The determination of Executive’s Disability shall (i) be made by an independent physician who is reasonably acceptable to the Company and Executive (or his representative), (ii) be final and binding on the parties hereto
and (iii) be made taking into account such competent medical evidence as shall be presented to such independent physician by Executive and/or the Company or by any physician or group of physicians or other competent medical experts
employed by Executive and/or the Company to advise such independent physician. 
 (b) Termination by the Company for Cause.
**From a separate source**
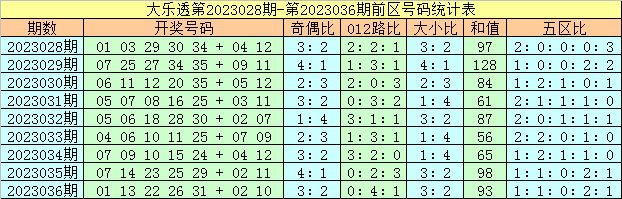 2、前区五区分析:最近9期前区五区比为13:9:4:10:9,上期奖号五区比为1:1:0:2:1,第四区大热,第三区断区,本期预计第一、四区号码大热,防第二、五区号码全部轮空,参考五区比2:0:1:2:0。

Executive
may be terminated for Cause (as defined below) by the Company, provided that if the basis for the Company’s so terminating Executive is described by clause (i) of the definition of Cause, below, Executive shall have been
given prior written notice of any proposed termination of his employment for Cause, which notice specifies in reasonable detail the circumstances claimed to provide the basis for such termination, and Executive shall not have corrected such
circumstances, in a manner reasonably satisfactory to the Board, within 20 days of receipt of such written notice. “Cause” shall mean (i) the willful failure of Executive substantially to perform his duties hereunder
(other than any such failure due to Executive’s physical or mental illness), (ii) Executive’s engaging in willful and serious misconduct that has caused or is reasonably expected to result in material injury to the Company or
any of its Affiliates, (iii) Executive’s conviction of, or entering a plea of guilty or nolo contendere to, a crime that constitutes a felony, (other than any such crime arising solely as a result of
Executive’s serving as an officer of the Company, provided that Executive has performed in good faith his duties as an officer of the Company in the ordinary course of business and consistent with the Company’s policies (which include in a
manner consistent with all fiduciary duties (including the duties of care and loyalty) imposed on or applicable to an officer of a corporation organized and existing pursuant to the Florida Business Corporation Act), (iv) the willful and
material breach by Executive of any of his obligations under any other written agreement or covenant with the Company or any of its Affiliates, provided that, with respect to any breach under the foregoing clause (iv), to the extent any such
agreement or covenant provides for an opportunity to cure such breach, Executive shall have failed to cure such breach within the period specified thereunder, or (v) at any time while the Company is in default on any of its 12% Senior
Secured Convertible Debentures, provided that, with respect to any default under the foregoing clause (v), to the extent any such agreement or covenant provides for an opportunity to cure such breach, the Company shall have failed to cure such
default within the period specified thereunder.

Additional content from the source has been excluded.